There was a note left on my windshield it said “parking fine”.
What does the sign on the brothel say when it’s closed?
Beat it, we're clothed.
Some say that puns aren't very funny, while others take them very seriously...
I guess the one thing we can all agree on is that puns are no joke.
A lorry load of pears has crashed on the motorway. It’s caused a huge jam.
Pre pear yourself for a bad pun.

Dad: Is that a pear?
*Dad points to pear on the kitchen counter.

Child: Yea...

Dad: Then why is there only one?
A chap sees a zebra sitting on a seat beside him in the cinema eating popcorn. He says “what are you doing here?” The zebra says, “well, I enjoyed the book”.
What side does the zebra have the most stripes on?
The outside.
I don’t like mangoes. I asked my boyfriend if he thinks they’ll grow on me one day.
He said “I think they can.
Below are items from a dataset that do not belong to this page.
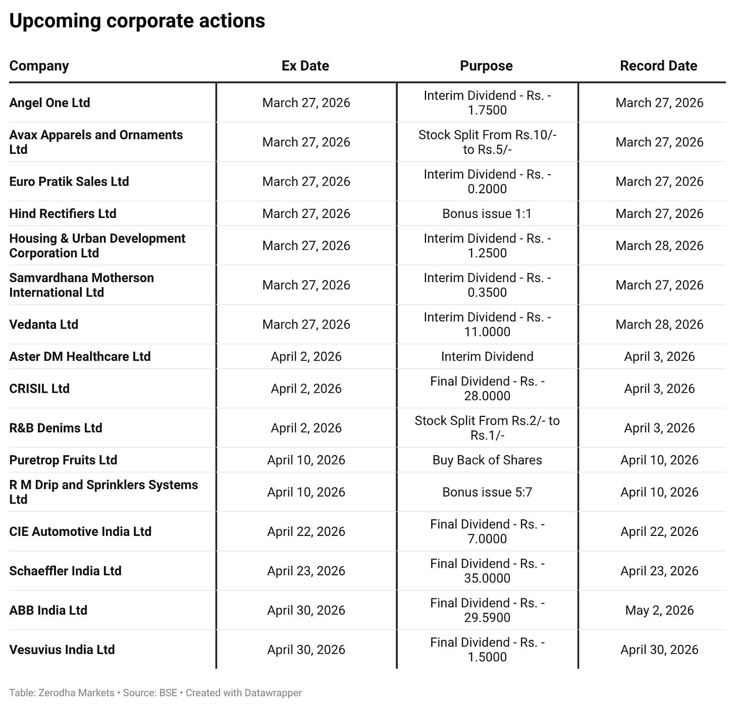 In the coming days, we have the following significant events and corporate actions:
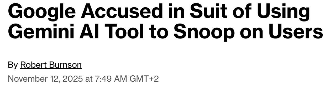 Американська компанія Google звинувачується у використанні ШІ-інструменту Gemini AI для стеження за користувачами. До федерального суду Сан-Хосе (штат Каліфорнія) надійшов відповідний позов.
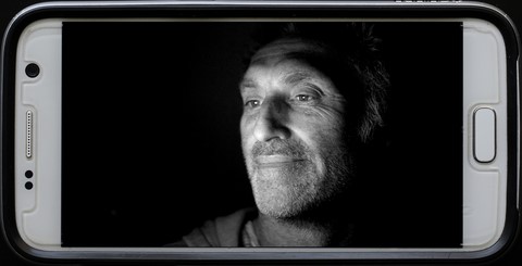 Les personnes photographiées visionnent sur l'écran de mon téléphone un extrait de 21 secondes du film de Jean Cocteau
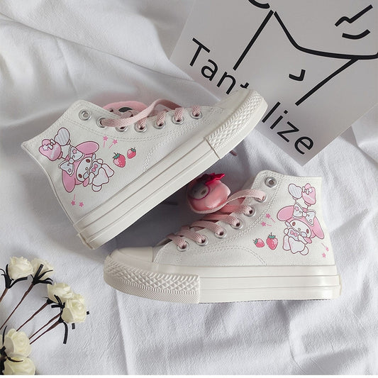 These Kawaii Cinnamoroll High-Top Canvas Shoes are the perfect winter fashion statement for young girls....
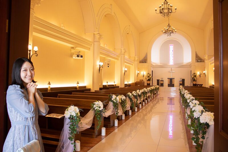 中に入ると、9mの大天井と関西最大級の20mのバージンロードがお出迎え。
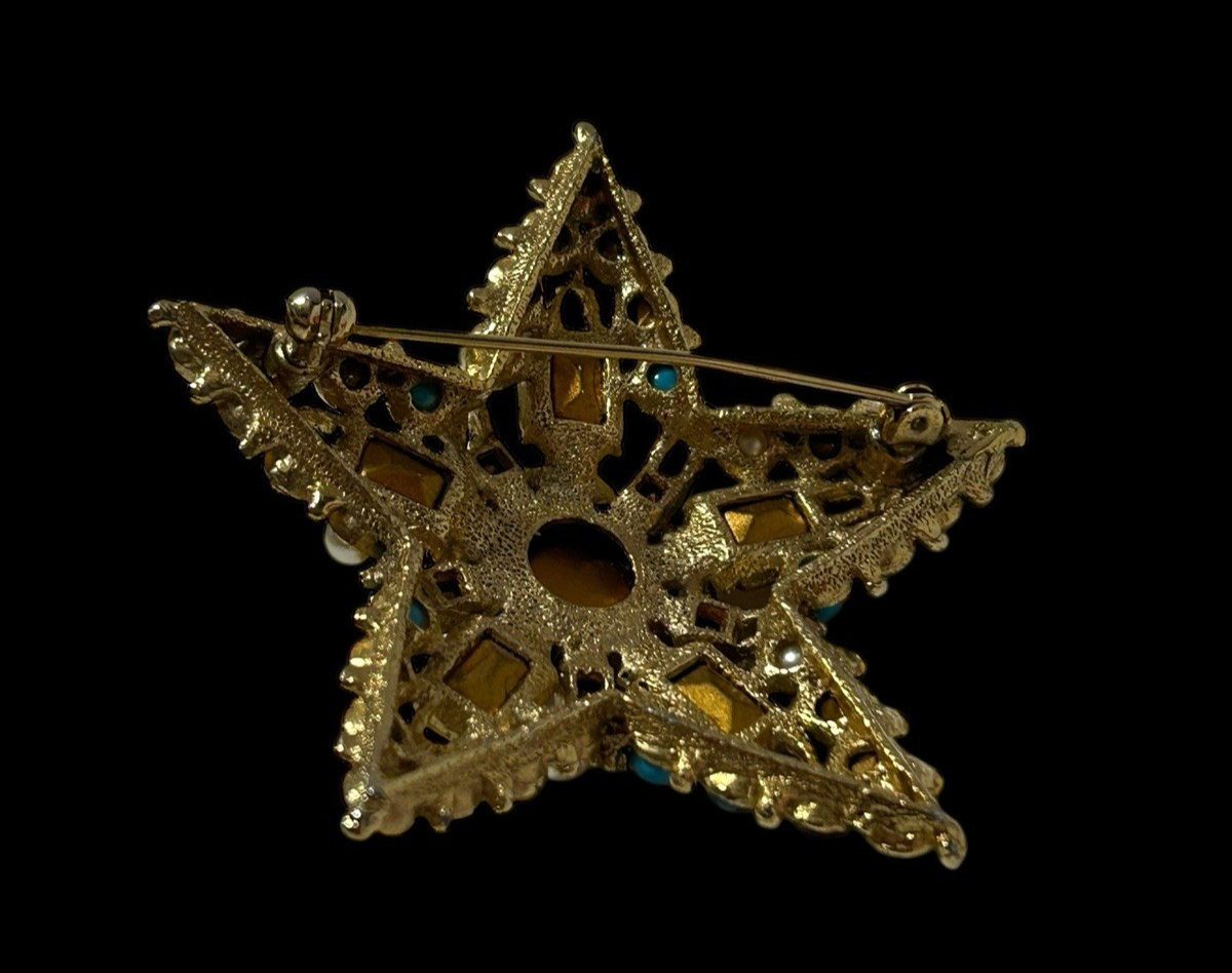 Vintage Unsigned Multicolor Rhinestone Star Brooch Goldtone Metal Faux Pearl Pin
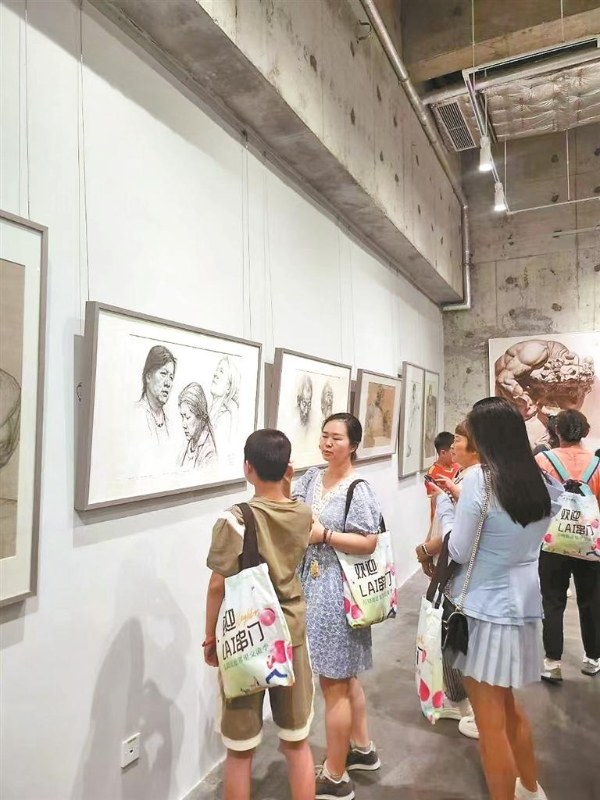社区居民在“欢迎LAI串门”邻里交流季系列活动中参观艺术展。
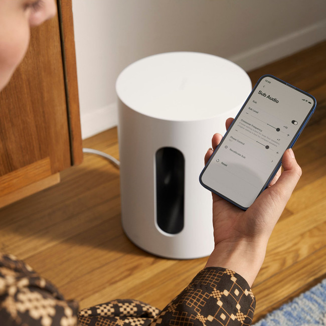Audio settings automatically equalise to balance Sub Mini and the paired Sonos product(s). Use the Sonos app to adjust bass, treble, and loudness.

You just need to be watered properly.”
Dog Joke: What do you call a Collie with a mango on it's back?
Mango Lassie.
I have written a book on Penguins.
In hindsight, paper would have been better.
What do you call two female lovers spying on the government?
Lesbionage.
Just found two lumps on my car battery.
Got them tested, one came back positive. I hope it's not terminal.
Why did the rooster cross the road?
He heard there were some hot chicks on the other side.
Went on a diving trip with strangers and found a sunken vessel. We're all pitching in to salvage and rebuild it.
I think this is the beginning of a beautiful friend-ship.
"What are your thoughts on diving?"
"Well, I guess it's descent as a hobby."